## Exercise goal
Copy exactly the lines from the start of the material through the line with "Смешать сахар, разрыхлитель, соль, масло, яйцо;". Pictures stay out of the copy.

*** Data excerpt

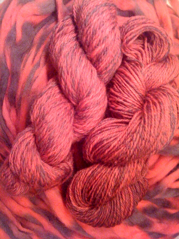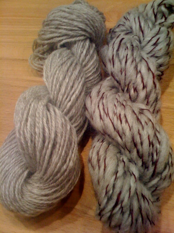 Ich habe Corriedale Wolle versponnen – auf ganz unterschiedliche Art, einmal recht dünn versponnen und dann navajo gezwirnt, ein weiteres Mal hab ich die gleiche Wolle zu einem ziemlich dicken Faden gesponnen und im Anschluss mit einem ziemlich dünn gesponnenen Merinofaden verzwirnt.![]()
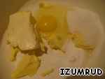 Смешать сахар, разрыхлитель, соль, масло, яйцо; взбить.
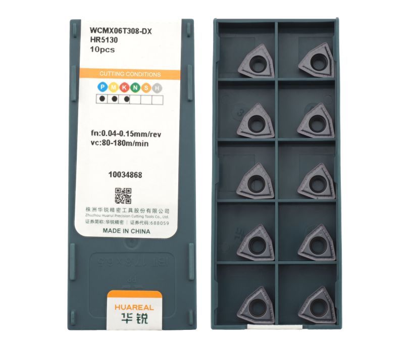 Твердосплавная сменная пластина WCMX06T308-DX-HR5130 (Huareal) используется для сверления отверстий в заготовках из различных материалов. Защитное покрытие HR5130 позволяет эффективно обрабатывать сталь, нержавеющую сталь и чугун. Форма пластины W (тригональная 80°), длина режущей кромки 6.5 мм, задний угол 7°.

******

## Solution below
 Ich habe Corriedale Wolle versponnen – auf ganz unterschiedliche Art, einmal recht dünn versponnen und dann navajo gezwirnt, ein weiteres Mal hab ich die gleiche Wolle zu einem ziemlich dicken Faden gesponnen und im Anschluss mit einem ziemlich dünn gesponnenen Merinofaden verzwirnt.![]()
 Смешать сахар, разрыхлитель, соль, масло, яйцо; взбить.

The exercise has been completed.